Ils concentrent, comme d’habitude, tout ce qu’un étudiant qui voudrait mettre en pratique une technique de sondage, ne doit pas faire s’il veut éviter les biais qui faussent les réponses et les résultats.
    Là n’est pas l’essentiel, car ce qui est en jeu de mon point de vue, c’est surtout ce nouveau pas dans la prophétisation du débat politique et des résultats électoraux. Rien ne doit venir contrarier « la petite histoire de la présidentielle ».

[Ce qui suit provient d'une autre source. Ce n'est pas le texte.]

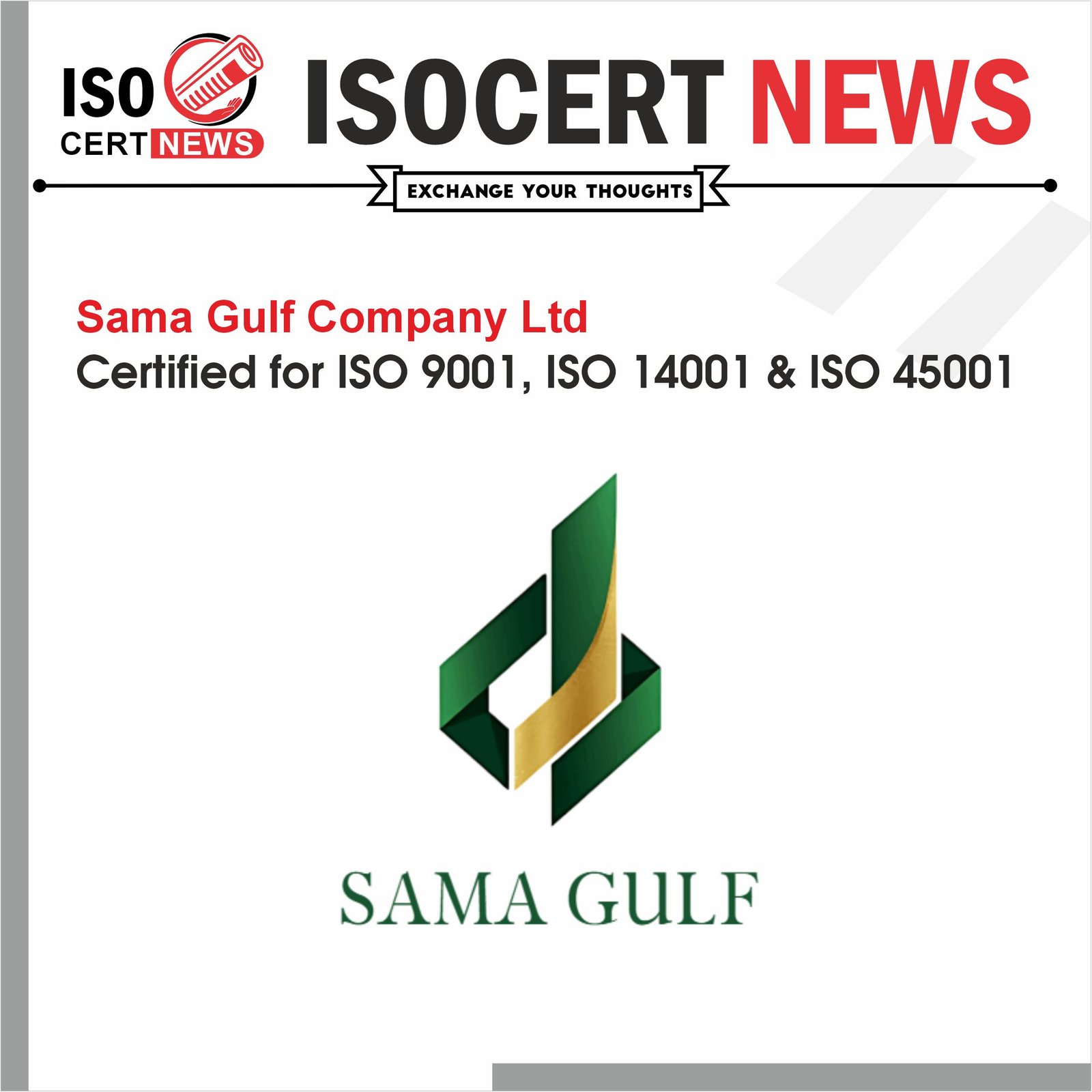 Demonstrating its dedication to a holistic approach towards quality excellence, environmental protection, and employee health and safety, Sama Gulf Company Ltd has successfully maintained ISO 9001:2015, ISO 14001:2015, and ISO 45001:2018 certifications following a surveillance audit. These certifications were awarded by an IAS-accredited certification body, reflecting the company’s commitment to the adoption and implementation of an integrated management system to optimize performance outcomes.

    Ainsi chaque jour, nous avons droit au défilé de petites phrases des « personnalités » qualifiées de « qualifiées » pour concourir.
S’ensuit toute une série de sondages, censés évaluer l’opinion, mais sur les bases de personnalités qui ne se sont pour certaines même pas déclarées candidates pour l’heure.
    Non seulement ces sondages sont des instruments de mesure douteux sur le plan scientifique, puisqu’ils sélectionnent et hiérarchisent les personnes au bon vouloir du commanditaire privé, mais surtout ils construisent une véritable prescription électorale que Bourdieu aurait pu qualifier « d’auto réalisatrice ».
Ainsi, on donne le soin aux « instituts » et à leurs responsables en communication politique, d’analyser les résultats, aux éditocrates de commenter les analyses, et aux journalistes de télévision de les relayer avec la plus grande rigueur journalistique !
    Ainsi tel sujet est à l’ordre du jour, tel autre n’est pas jugé digne d’intérêt. Telle personnalité « mérite d’être » sondée, telle autre n’a pas sa place. Tel duel fera « le buzz », alors que tel autre n’a pas la côte médiatique. Et ainsi de suite.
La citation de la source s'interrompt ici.